Disposant maintenant d’une meilleure prise, Uriel put se hisser au-dessus des bandelettes de métal qui constituaient le blason et se balancer jusqu’aux épaulières de l’Empereur. Une fois installé, il reprit son souffle en avalant de grandes bouffées d’air.

Le seigneur des Décharnés se tenait immobile au bord du gouffre, et Uriel se demandait bien quoi faire à présent. Il vit le monstre se saisir des survivants de leur troupe, attirant Pasanius, Vaanes, Leonid et les autres space marines vers le bord du précipice.

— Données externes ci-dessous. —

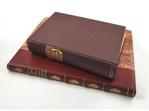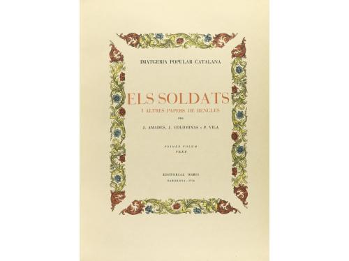 1936. LIBRO. (BIBLIOFILIA-PAPEL JAPÓN). AMADES, J.; COLOMINAS, J.; VILA, P.:. ELS SOLDATS I ALTRES PAPERS DE RENGLES. Barcelona: Ed. Orbis, 1936. 2 vol. En folio menor. I: 216 p. + XLVIII p. con un catálogo adicional. II: Contiene los facímiles a todo color, en C láminas litográficas numeradas + 2 h., una de ellas de tabla. Dos vol. enc. en pergamino rígido, corte superior dorado, con sobrecubierta y presentados en petacas de cartoné. Ejemplar de los XX numerados en romanos y sobre papel japón.

— Non ! s’époumona-t-il, se risquant à se redresser en prenant appui sur la gigantesque forme oscillante du casque de la statue. Non !

Et c’est à ce moment-là que le miracle se produisit.

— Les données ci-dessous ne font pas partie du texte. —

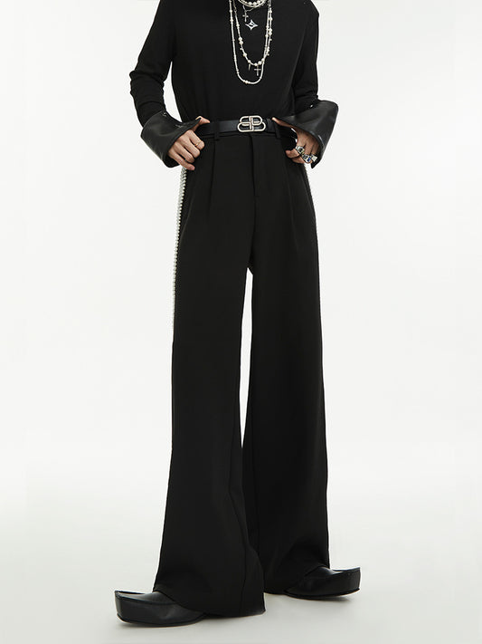Pearl Detail Draping Wide Leg Trousers WN15446

Que ce fût par la grâce d’un mécanisme depuis longtemps endormi que le mouvement d’Uriel aurait brièvement réveillé ou par la volonté de l’Empereur lui-même, Uriel n’en aurait jamais le cœur net, mais toujours est-il qu’à cet instant même, une lumière aveuglante jaillit de la visière grossièrement sculptée.

Un ronflement sourd, comme un générateur en pleine recharge, monta de l’intérieur du casque. Saisis de terreur, les Décharnés battirent en retraite à mesure que la lueur se faisait plus vive. Uriel sentait le métal chauffer de plus en plus sous sa main et, bien qu’il n’eût aucune idée de ce qu’il se passait, il n’était pas disposé à laisser passer une chance pareille.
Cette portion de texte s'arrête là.